The core problem lies in the workload and potential risks of copying a project, so two projects need to be combined into one project. How to solve it?

The solution

1. Combine the two projects into one

If two projects need to be combined into one to address the differences identified above, then it is obvious that there is a need for a label to distinguish them. Using environment variables to solve this problem is very appropriate. In the case of a VUE project, you can write the corresponding environment variable configuration.

Continental version production environment:.env

VUE_APP_ENV=prod
VUE_APP_PUBLIC_PATH=/mainland
Copy the code

Continental version development environment:.env

VUE_APP_ENV=dev
VUE_APP_PUBLIC_PATH=/mainland
Copy the code

HongKong and Taiwan version development environment:.env.ht

VUE_APP_ENV=ht
VUE_APP_PUBLIC_PATH=/ht
NODE_ENV=production
Copy the code

package.json

"serve": "vue-cli-service serve"."build": "vue-cli-service build"."build:ht": "vue-cli-service build --mode ht".Copy the code

VUE_APP_ENV (process.env.vue_app_env, process.env.vue_app_env, process.env.vue_app_env, process.env.vue_app_env, process.env.vue_app_env, process.env.vue_app_env, process.env.vue_app_env) For example, when NODE_ENV is set to production, optimizations such as compression are performed during packaging.

Note: The RTHK version does not distinguish the test environment, because often the logic of the mainland version does not have problems, so it only needs to be based on the development of the mainland version, RTHK version only needs to be packaged for the last time (the test environment is optional, just need to add one more configuration).

Other points to note: VUE_APP_ENV is normally only accessible from node environments, but vue-CLI creation projects automatically inject variables from. Env into the runtime environment, using a global variable.

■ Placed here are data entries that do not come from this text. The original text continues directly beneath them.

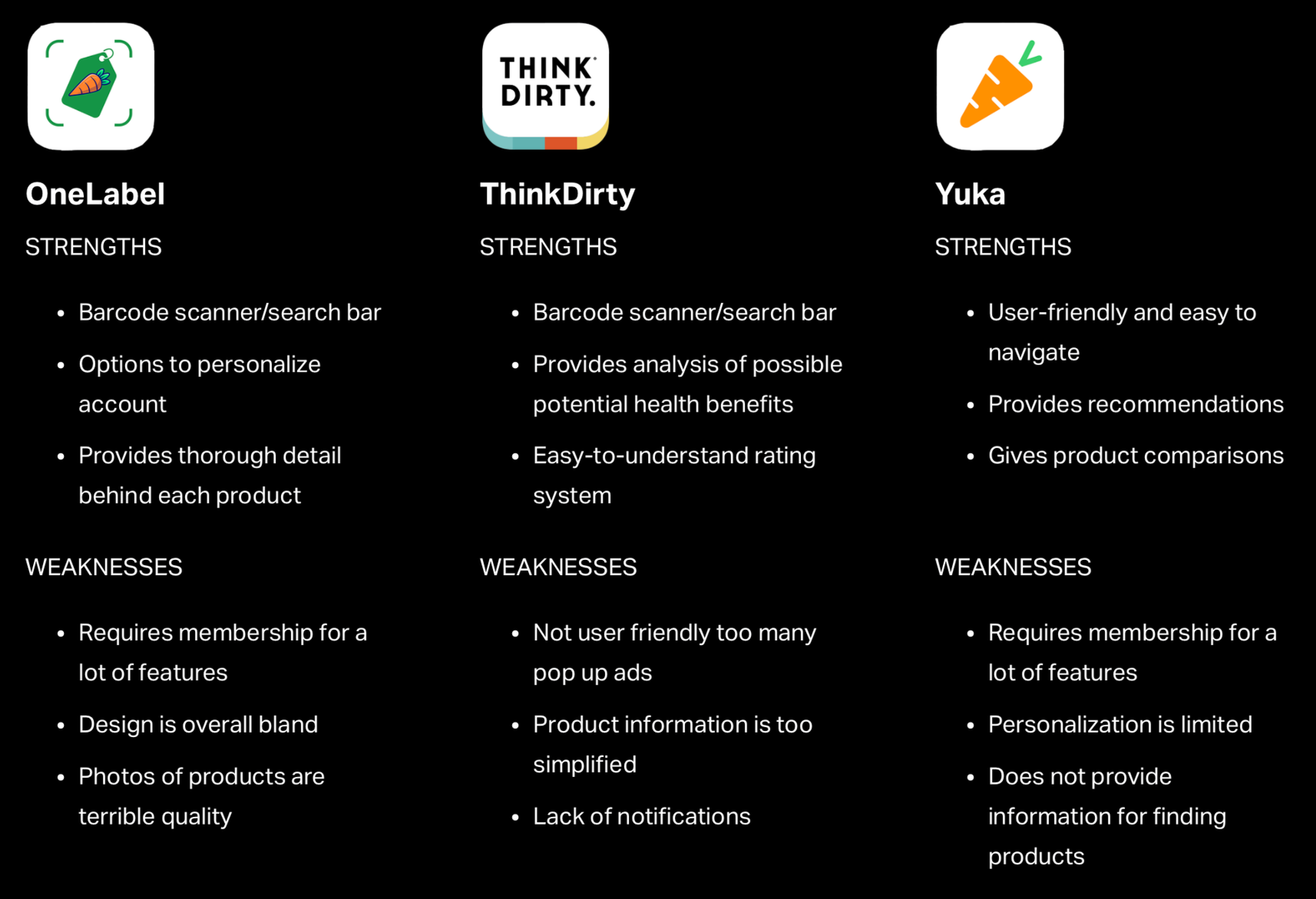 While many competing apps provide nutritional information, they often lack user-friendly explanations and meaningful notification systems that support long-term accountability. By evaluating their strengths and identifying key gaps, this analysis helped define how NutriScan could differentiate itself through clearer insights, simplified guidance, and stronger user support features.
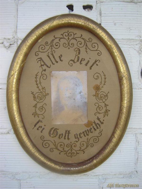 Marco ovalado y lamina bordada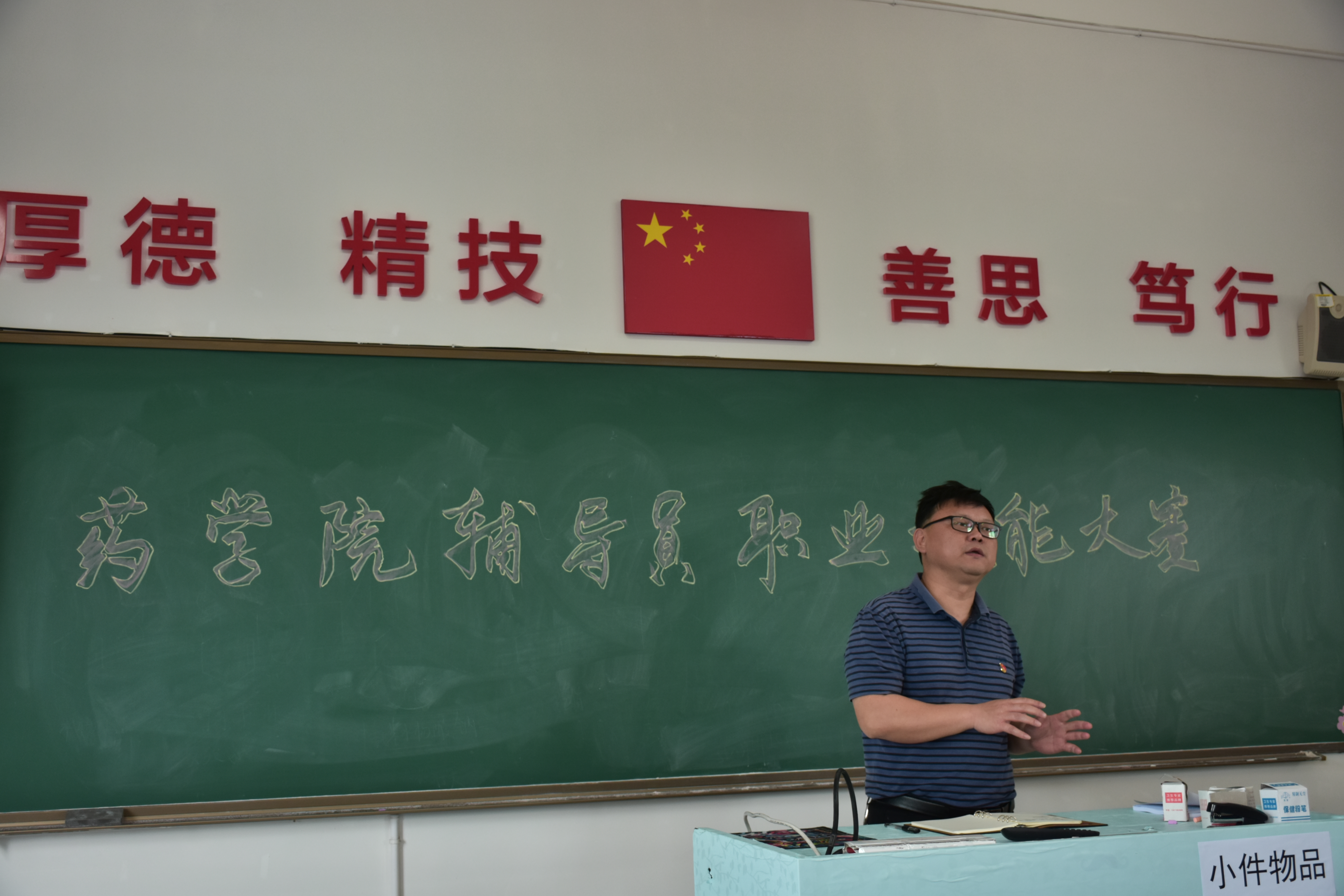 为深入学习宣传贯彻习近平新时代中国特色社会主义思想和党的十九大精神,全面贯彻落实全国高校思想政治工作会议和《中共中央国务院关于加强和改进新形势下高校思想政治工作的意见》精神,提升辅导员的职业技能和工作水平。4月19日我院举办辅导员职业技能大赛,宣传统战部部长欧健、基础学院院长舒展、洞井学院党总支书记贺斌、学生工作与保卫处副处长王燕、药学院党总支书记陈少华出席本次大赛,并担任评委。
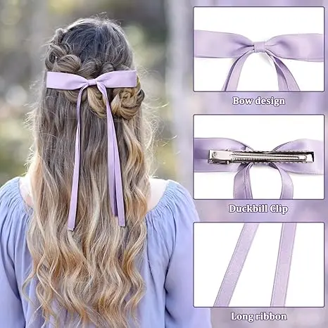 6 pcs big hair bow ad 6 pcs small hair bow clips coming in all, satin material and metal clamps of hair bows can be weard for a long time.

This is usually implemented using the define-plugin plugin for Webpack.

With the problem of environment variables solved, the rest of the work is easier to do.

2. Resolve differences in login modes

With two sets of login encapsulated into two different components, because login often involves some global state, project usually use global state management tools such as vuex, so default vuex storage condition, the whole code contains the login logic into a project template, the basis of using custom scaffolding pull can, at the same time pay attention to when using vuex, Put the login-related states under a Module, so that after creating projects based on the template, the other states of each project can be written separately to the Module to avoid changing the login-related Module.

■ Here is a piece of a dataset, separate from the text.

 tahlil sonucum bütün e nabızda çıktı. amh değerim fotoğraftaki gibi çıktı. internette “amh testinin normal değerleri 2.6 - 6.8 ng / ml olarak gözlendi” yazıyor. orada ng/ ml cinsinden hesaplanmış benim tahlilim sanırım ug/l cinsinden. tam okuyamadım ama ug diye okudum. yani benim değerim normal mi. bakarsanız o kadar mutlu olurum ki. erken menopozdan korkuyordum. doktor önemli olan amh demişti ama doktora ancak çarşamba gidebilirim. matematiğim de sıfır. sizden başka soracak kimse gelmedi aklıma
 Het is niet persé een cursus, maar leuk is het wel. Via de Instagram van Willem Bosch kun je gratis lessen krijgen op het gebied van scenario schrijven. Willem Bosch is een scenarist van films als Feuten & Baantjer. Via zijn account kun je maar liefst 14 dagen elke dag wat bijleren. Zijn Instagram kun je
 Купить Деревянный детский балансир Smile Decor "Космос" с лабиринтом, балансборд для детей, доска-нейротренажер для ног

Custom scaffolding: create a project interactively, input some options, such as project name, project description and so on, then pull the written template from the remote warehouse such as GitLab, replace some specific variables in the template with the project name in the template using the template engine, and finally generate a new project. (Scaffolding has other uses as well, and it is only described here to create a simple project.)

  • If there is no scaffolding, you have to use itgit cloneChanging something like the project name later on adds a little extra work, but it doesn’t make a big difference.

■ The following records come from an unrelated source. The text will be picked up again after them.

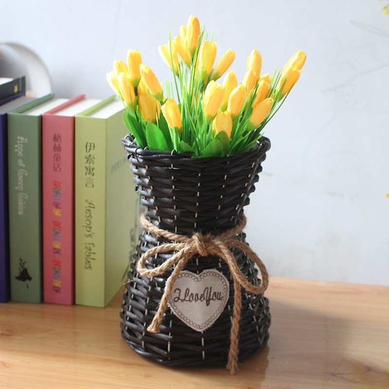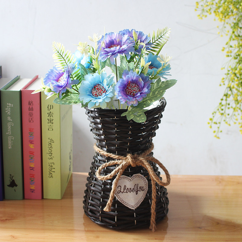Flower basket pastoral ornaments Living room flower arrangement creative handmade flower basket fresh dried flowers Pastoral woven flower basket hand woven
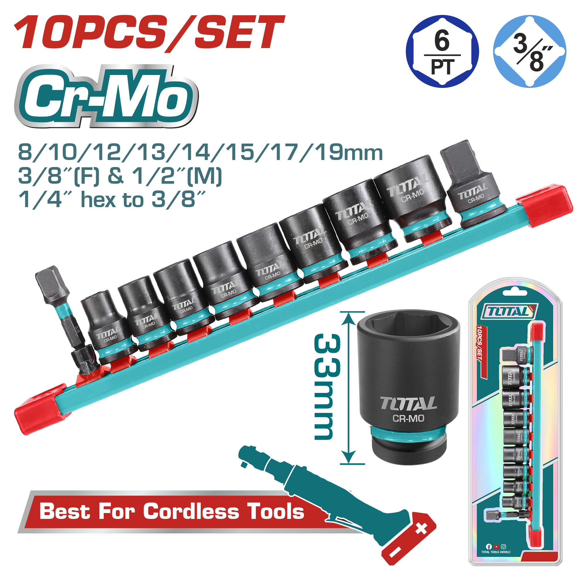 JUEGO DE LLAVES TUBO DE IMPACTO 3/8PULG 33MM (10 PZS) - TOTAL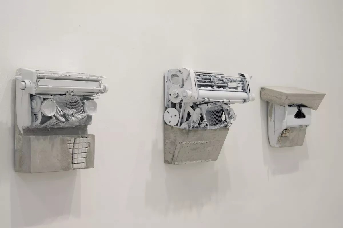 A row of typewriters hangs on the wall like so many payphones, their ribbon spools emptied and painted white, their keys swallowed by concrete, the strikers used to press the ink to the page rendered relics of the past. Viewing these objects is an experience akin to discovering an ancient technology utilized by a civilization that no longer inhabits the Earth.

Part of the logic of encapsulation:

For example, the login component of mainland China is called mainlandLogin, and the login component of Hong Kong and Taiwan is called htLogin. Write another login component to integrate them, distinguish different components by environment variables, and use Component to dynamically load the corresponding login components as follows:

login.vue:

<component :is="currentLogin" @sure="sure" cancel="cancel"></component>

data:{
    return {
        currentLogin: process.env.VUE_APP_ENV === 'ht' ? 'mainlandLogin' : 'htLogin'}},components: {
        mainlandLogin: () = > import("./components/mainlandLogin.vue"),
        htLogin: () = > import("./components/htLogin.vue"),},method: {sure(){
        this.$emit('sure')},cancel(){
        this.$emit('cancel')}}Copy the code

Note: the way to import components is to use dynamic loading. When packaging, the two components will be packaged into two separate chunks, because the mainland version and the Hong Kong and Taiwan version will only use one login, and the other is not needed

Once you’ve wrapped the login component, it’s easy to use

<login @sure="sure" cancel="cancel"></login>
Copy the code

3. Solve price discrepancies

Just like login, it can be differentiated according to environment variables. Add a field such as htPrice to the original commodity JSON in the mainland version

const commodityList = [
    {
        id: 1
        name: "xxx".count:1.price:1.htPrice: 2}]Copy the code

VUE_APP_ENV === ‘ht

{{ isHt ? `${commodity.htPrice} NT$` : `${commodity.price}RMB ` }}

data() {
    return {
        isHt: process.env.VUE_APP_ENV === 'ht'}}Copy the code

4. Simplified and traditional style conversion

I solved the problems of merging two projects into one project and the inconsistency of login, price and unit. Finally, only simplified Chinese to traditional Chinese was left, which was also the most difficult part to solve. After many technical investigations, I failed to find a suitable solution, and finally HAD to write a set of my own.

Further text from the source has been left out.